日本的想像力→ポストモダン状況の徹底した想像力。その先進性を考えること。
10年代→新しい「政治性」の設定、関連付けを考えていくこと。「ネオテニー化」という成熟。

システムと実存の切り分け、政治と文学の切り分け。

現在批評にはアーキテクチャ派とコンテンツ派との2つに分けてしまう傾向が生まれている。宇野常寛さんはこれを繋ぐ回路を作っていきたい、という。それが10年代の想像力といういうことになる、と。10年代は「システム改変的想像力」へ、ということか。

気になるのは、「ロスジェネ」や「フリーターズフリー」や「素人の乱」界隈の政治性とどのような形で距離を取っていくのかということ。言動を政治に伝える回路という点では、そのあたりの論壇のノウハウというのものがそれなりに既にあると思われるが、そこで知覚されていない「政治性」なるものを生成・構築・言語化していくということか。宇野さんはそのあたりの人々の活動は文学の領域に留まり、政治には届いていないのではないか、という。では文学の域を出て政治に届けるためにはどのような「政治性」の設定がこれから必要なのか。この日本的な状況を生かす語りで政治性への想像力を作り上げていくということはどういうことなのだろうか。

そしてもうひとつの政治性の構築のありかたとして、この日本に政治的なダイナミズムがないのならそれを欧米諸国のように作りあげていくことも可能なのではないかという発想も考えられうる。

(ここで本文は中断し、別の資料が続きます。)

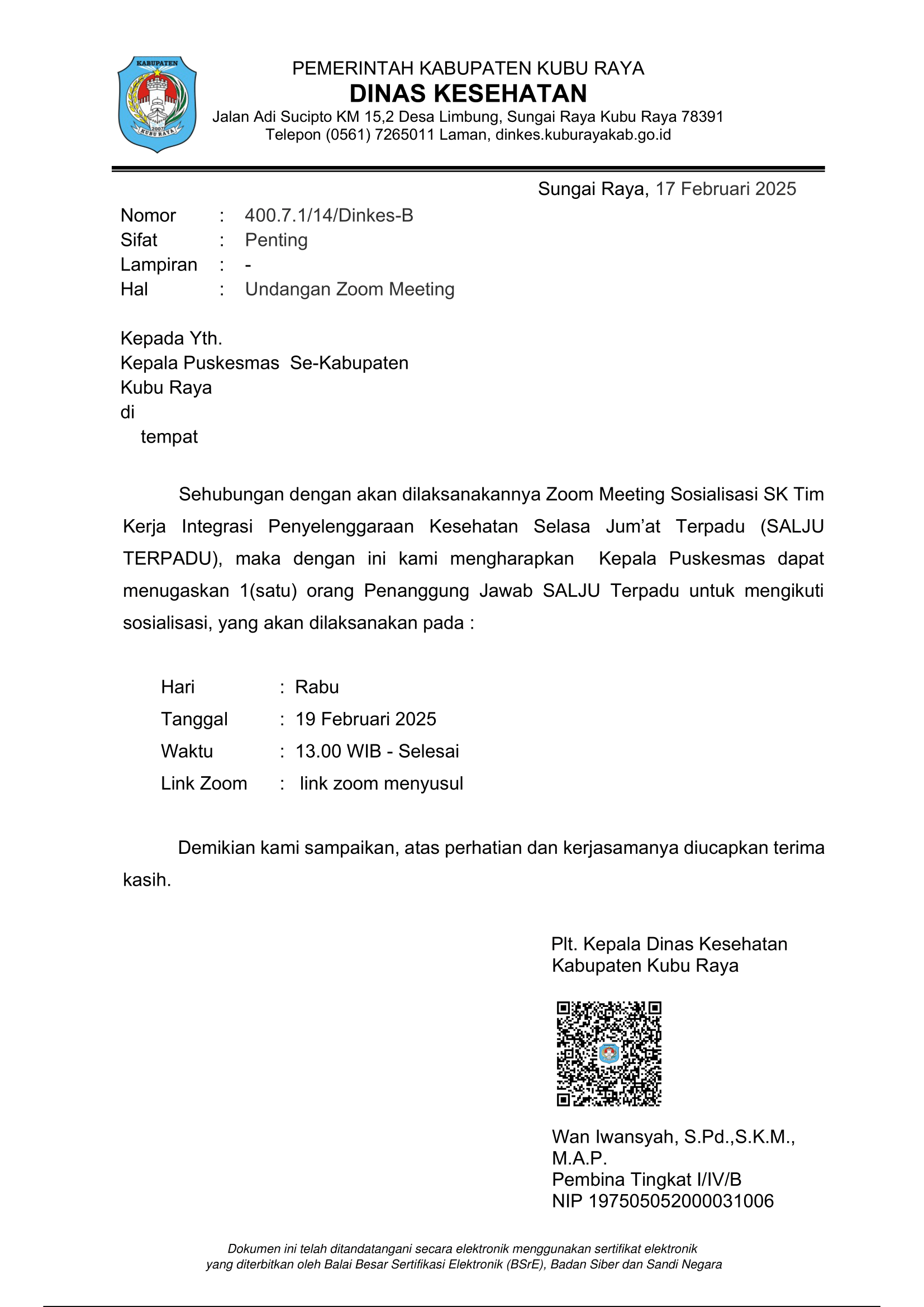 Undangan Zoom Meeting Sosialisasi SK Tim Kerja Salju Terpadu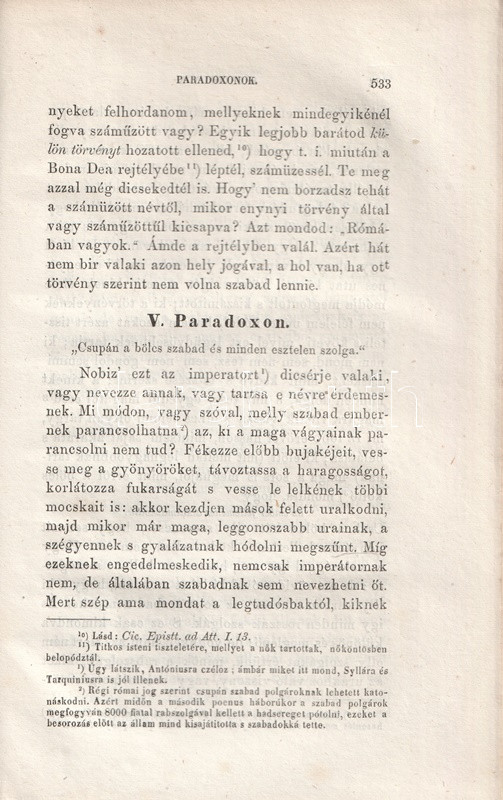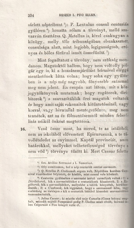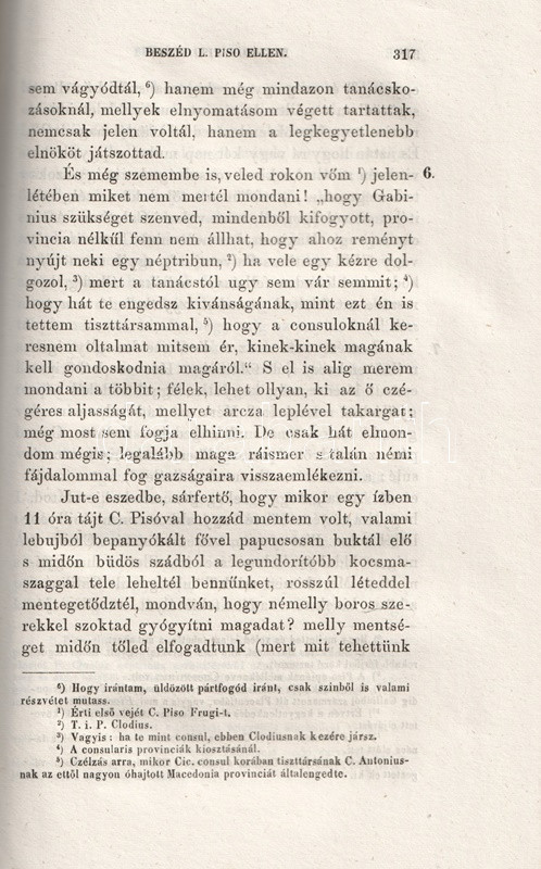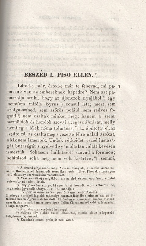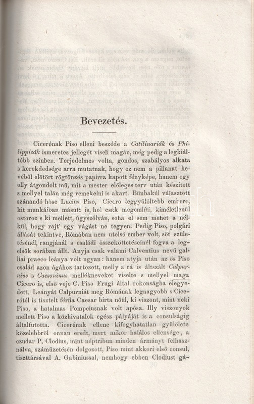 Részlet az ízes magyar nyelven készített fordításból: "Látod-e már, érted-e már, te fenevad, mi panaszuk van az embereknek képedre? Nem azt panaszolja senki, hogy az újoncok nyájából egy nemt'om miféle Syrus consul lett; mert sem szolga-színed, sem szőrös pofáid, sem redves fogaid nem csaltak minket meg: hanem a szem, szemöldök és homlok, szóval az egész ábrázat, melly némileg a lélek néma tolmácsa, az ámította el, az szedte rá, az csalta meg, s vezette félre nálad azokat, akik nem ismertek. Undok vétkeidet, eszed lustaságát, butaságát, s nyelved gyámoltalan voltát kevesen ismertük. [...] Ezek, óh, te hóhér, consulságod örvényébe vannak eltemetve. Nézz e gyász események[en] végig. Aurelius szószékén szokottnál vidámabb szemeid láttára tartatott a rabszolgatoborzás attól, ki magára nézve bármit tenni soha szégyennek nem nézett. Castor templomában (óh, te minden templomaink megfertőztetője!) szemed előtt rakattak ki a fegyverek ama tolvaj által, kinek ez a templom a te consulságod alatt a veszett polgárok várául, Catilina régi zsoldosainak menedékéül, útonálló rablók erődéül, minden törvény és vallás temetőhelyéül szolgált. [...] Jut-e eszedbe, sárfertő, hogy mikor egy ízben 11 óra tájt C. Pisoval hozzád mentem volt, valami lebujból bepanyókált fővel papucsosan buktál elő, s midőn büdös szádból a legundorítóbb kocsmaszaggal leheltél bennünket, rosszulléteddel mentegetődztél, mondván, hogy némelly boros szerekkel szoktad gyógyítani magadat? [...]". A személyeskedő kirohanásoktól sem mentes Piso-beszéd után válogatás Cicero lényegesen mérsékeltebb hangú filozófiai írásaiból és paradoxonjaiból.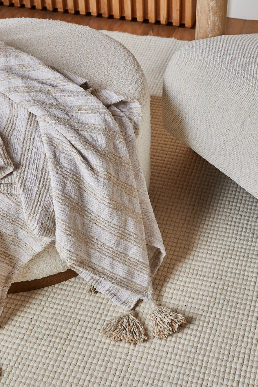 Meadow - The Meadow Throw combines effortless style with a woven line detail that adds depth and an artisanal touch to any space. Finished with tassels, this throw is perfect for draping over a sofa, chair, or outdoor lounge, bringing an elevated, relaxed touch to your home.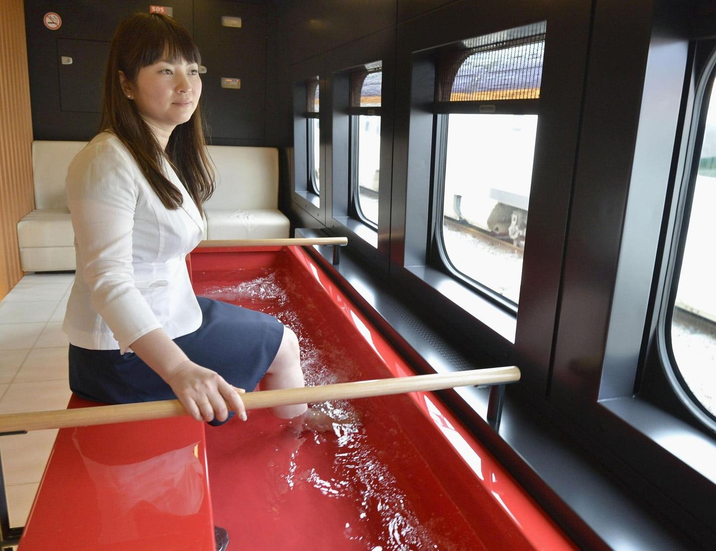 Tàu hỏa ở Nhật còn được trang bị thêm bồn ngâm chân, giúp du khách thư giãn trong suốt hành trình dài.

この2つの政治性の設定、それは「ストリート系現代思想」と「オタク系現代思想」との「政治性」の違いということにもなるのかもしれない。

「ストリート系現代思想」ではこれから日本が社会の厚みを獲得していく中で少しずつ現実味を帯びてくる政治性のあり方を提示しているように思われる。一方、「オタク系現代思想」の流れからの政治性についてはその反対に社会の厚みの無さから獲得される政治性という風にも考えられる。

それはもしかしたらライフスタイル違いからくる「政治性」の表象の違いかもしれない。そうすると「政治性」の多様性の設計がこれからなされていく、ということか。

「ストリート系現代思想」においては「政治性」の設定はある程度つくられているように思われる。それは国外に依拠する思想家や活動家が存在するからだ。「オタク系現代思想」の設定する「政治性」は確かに参照項が存在しないように思われる。もしそれが言語化されていけば、大きなプラットホームとして機能していくのかもしれない。未だ、「現代日本」の現代思想はうまく言語化されてはいない。現状から未来を構築していく言語を獲得していくこと、想像力を獲得していくこと。それが10年代の僕たちの進むべき未来なのだろうか。多くの残された課題をひとつひとつ真摯に取り組んでいくこと、その地道さもその想像力の回路に組み込んでいけたらいいなと思います。